Hawcoat is one of the few places in Barrow that has been permanently inhabited since the Middle Ages; Hawcoat was named and identified as Hietun in the Domesday Book, as a fief within the Manor of Hougun. Prior to the growth of Barrow, Hawcoat village was the largest on the peninsula to the west of the town of Dalton-in-Furness, and gave its name to one of the four quarters or 'bierleys' of the parish of Dalton. This quarter covered the entirety of the end of the Furness Peninsula, including the surrounding Islands of Furness, such that the latter-town of Barrow was in 1769 "only a hamlet in the township of Hawcoat."

While the town of Barrow grew in the nineteenth century, Hawcoat remained a village outside the built-up area of the new town. Some suburban development stretched into the southern and western parts of what is now Hawcoat ward in the 1920s and 1930s, and some of this on Hawcoat Lane was the site of destruction as part of the Barrow Blitz bombings that targeted the town's shipyard and steelworks during World War 2. These suburban developments had grown to reach the site of the old village by the early 1950s.

A major expansion of suburban housing in Hawcoat subsequently occurred in the 1960s as a direct response to the expansion of Vickers shipyard, when it was briefly referred to as 'Polaris Village' after the Polaris programme which involved Barrow-built Resolution-class submarines. Dane Ghyll Primary School, in the middle of the new development, opened in 1971, reflecting the expansion of the population. Furness General Hospital, replacing four smaller hospitals in Barrow, was opened in Hawcoat in 1984.

==Demographics==
In 2011, Hawcoat had a population of 4,922, representing a 7% decrease over a 10-year period. The ward has more female residents than male and is the most ethnically diverse ward of Barrow, with 4.3% of the local population belonging to an ethnic group other than White British. Hawcoat covers an area of 4.58 square kilometres and has a population density of 1,074/km^{2} (compared to 886/km^{2} in Barrow as a whole). Hawcoat is Barrow's least deprived ward, with higher than average house prices and two areas where properties regularly sell for close to half a million GBP - The Crescent and The Gardens.

==Facilities==
Hawcoat is the location of Furness General Hospital, though the nearest GP Practices are in Barrow town centre. Dane Ghyll Primary School is the area's primary school, for children aged 4–11, in the heart of the 1970s-built estate, and St Paul's CofE Junior School, affiliated with Saint Paul's, the parish church of Hawcoat, teaches children aged 7–11. Thorncliffe School, on the western border of the ward, was the secondary school for children aged 12–16 from its construction in 1970 until 2009, when it was merged with other local secondaries to form Furness Academy. The old Thorncliffe site has since been redeveloped into homes. Chetwynde School, formerly a private school, sits just outside the ward and is now a state-funded free school for children aged 4–16.

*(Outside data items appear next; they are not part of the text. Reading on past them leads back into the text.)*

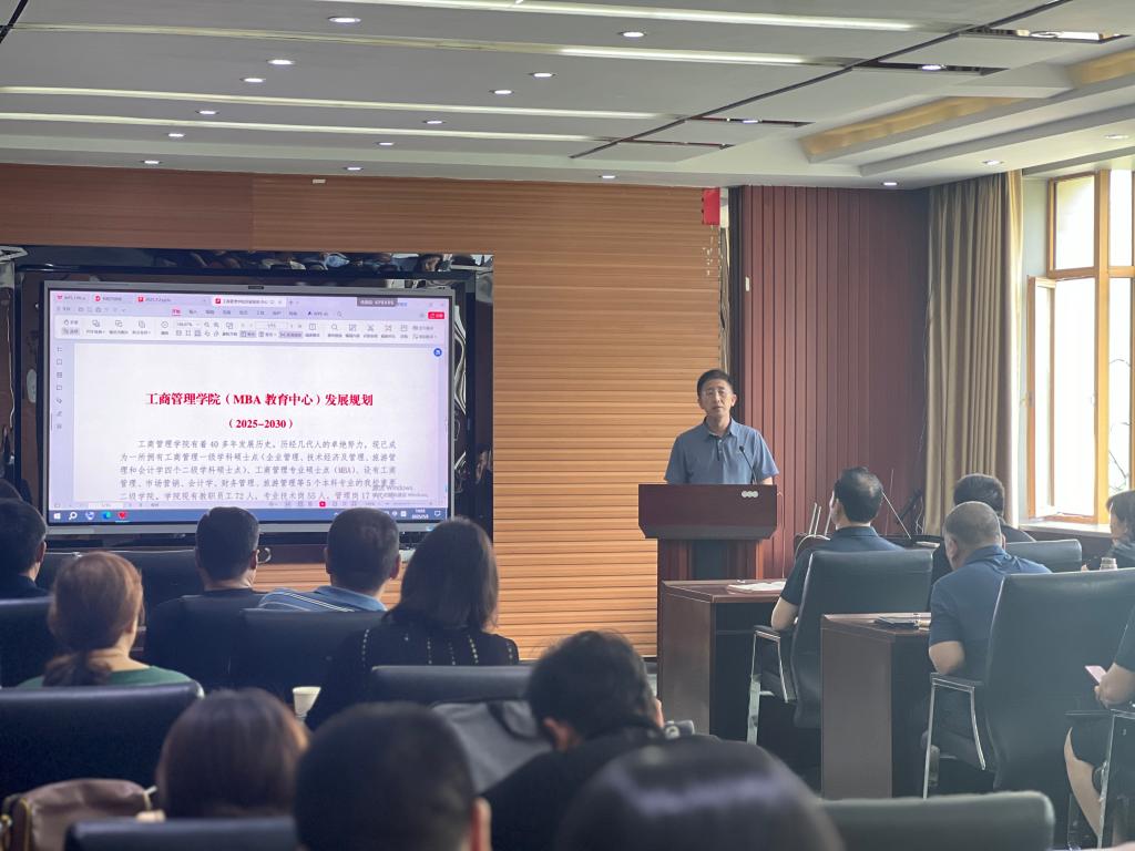 学院院长金玉然作《工商管理学院(MBA教育中心)发展规划(2025-2030)》报告,从八个方面对学院未来发展进行了规划。在发展目标方面,工商管理学院将深化“内涵式”发展,大胆创新,经过五年时间,力争成为人才培养特色鲜明、学科建设进步、教师幸福感提升、具有更广泛社会影响力的省内一流商科学院;在党建引领层面,学院将持续强化党组织在学院各项工作中的领导核心作用;在本科人才培养层面,将全面深入贯彻“1+3+2”教育教学体系改革通过高质量修订《2025版专业人才培养方案》,打造以人工智能、绿色低碳、国际化为核心的新文科专业特色,此轮修订中,学院各专业已经开设《人工智能营销》《市场调查与商业智能》《智能广告》《人工智能与商业分析》《营销大数据量化分析与AI大模型应用》《智能财务管理》《碳会计与碳审计》《碳商学》《企业碳管理》《ESG理论与实践》《International Financial Reporting and Analysis》《Business and Technology》《数智人力资源管理》《数智物流管理》《智慧供应链管理》《数智化工作分析》《智能招聘》《数智化薪酬管理》《数据驱动的管理方法与应用》等近30门新课,平均每个专业8门新课。学院将启动面向AI+绿色低碳的100+教育教学改革计划、100+校外导师专家库计划、10+优质实习实训就业基地计划、10+高质量特色教材计划、1+产业学院计划、特色“微专业”计划、40+校企共建课计划、本科毕业论文质量提升计划、本科生国际交流计划;在学科建设与研究生培养方面,学院将大幅度优化学术研究生和MBA研究生人才培养方案,增设“数智会计与财务管理”“智慧物流与供应链管理”方向,增设《通用人工智能基础》《大数据与商务智能》《基于人工智能的科研论文写作》《智能营销》《ESG 与企业社会责任》《数字化转型与AI战略》等特色课程,修订并提升全日制硕士研究生毕业学术成果要求,加速推进MBA案例建设,通过“双盲外审”“双盲答辩”“对需要重大修改论文引入盲审后评价”等措施提升MBA毕业论文质量;在科学研究与师资队伍建设方面,学院将加强学科团队建设,推动有组织科研,加强导学团队建设,积极培育国家级科研项目,启动10+专著计划,打造时博官网平台工商管理学院品牌国际/国内会议、打造“辽科智汇·匠心致远”企业管理大讲堂IP、全方位助力青年教师成长;在文化建设方面,学院将践行“无须扬鞭自奋蹄”“被需要是幸福的”等文化;在制度建设方面,将以“缺什么,就补什么强什么”为导向优化绩效激励指标,丰富荣誉体系,设立“钢都星火青年学者奖”“MBA教学名师奖”“金点子奖”等奖项;在就业、校友、工会和宣传层面,学院将建立200+优秀校友库,打造“健康工商”,加强媒体宣传等工作,为学院发展提供全方位支撑。
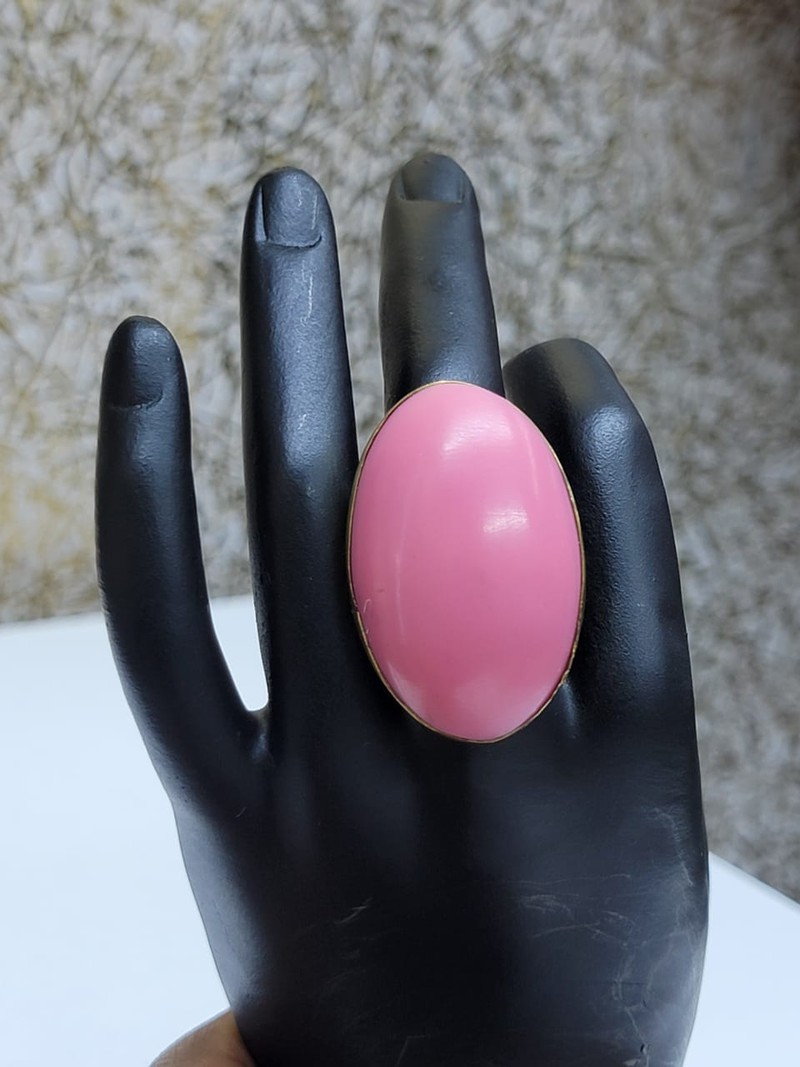 Elevate your style with this stunning ring featuring a large, oval-shaped pink gemstone, elegantly set in a sleek gold-tone band. Its bold design and vibrant hue make it a perfect statement piece for any occasion. Crafted for luxury and comfort, this eye-catching ring is a must-have addition to your jewelry collection.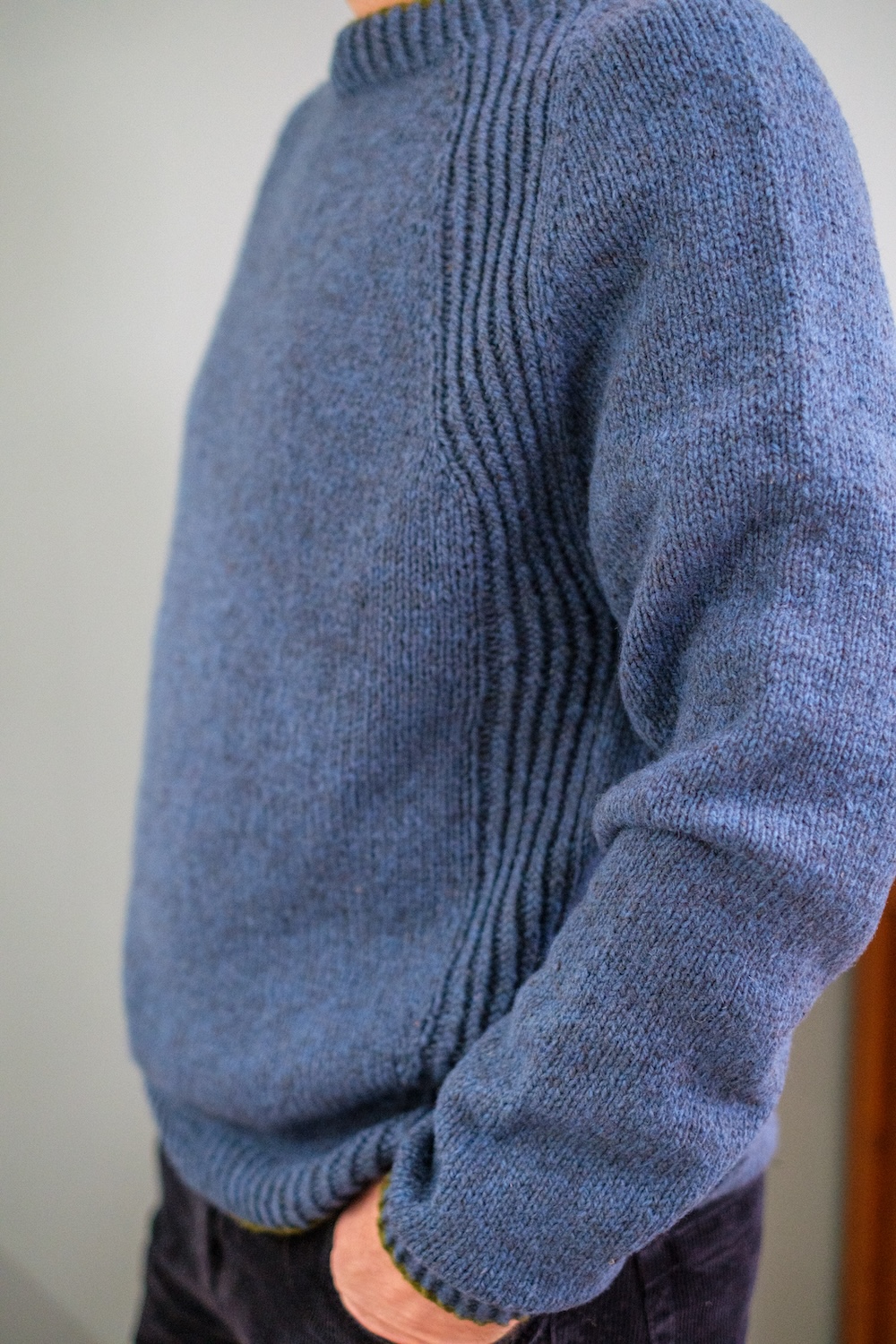 Opcional: en la versión de hombre hice el montaje del cuello y las 2 primeras vueltas en un color de contraste. También las 2 últimas vueltas y el cierre del cuerpo y los puños.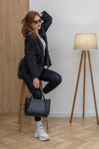 Сумка-шопер Ромі — це поєднання практичності, витонченості та сучасного дизайну. Створена для жінок, які прагнуть виглядати бездоганно в будь-якій ситуації. Виготовлена з преміальної екошкіри, приємна на дотик, з міцною поліестеровою підкладкою. Сумка — середнього розміру, елегантна та функціональна. Цупке зміцнене дно надає моделі стійкості на будь-якій поверхні, зберігаючи форму навіть при повному завантаженні. Просторе основне відділення надійно застібається на блискавку та доповнене двома внутрішніми кишеньками: одна на блискавці, для безпечного зберігання цінних речей, а інша — з вільним доступом до дрібниць, таких як телефон чи помада. З тильного боку сумки розташована зовнішня кишенька на блискавці — місце для ключів, щоб вони завжди були під рукою.

Holker Old Boys F.C., which competes in the North West Counties Football League, is based in Hawcoat at Rakesmoor Lane. Hawcoat Park Sports and Social Club, formerly known as Vickers Sports Club (having been established by Vickers) is a popular recreational facility consisting of pitches, lawns and tennis courts. It is located in the southern periphery of Hawcoat and is also home to the Walney Terriers American Football Club.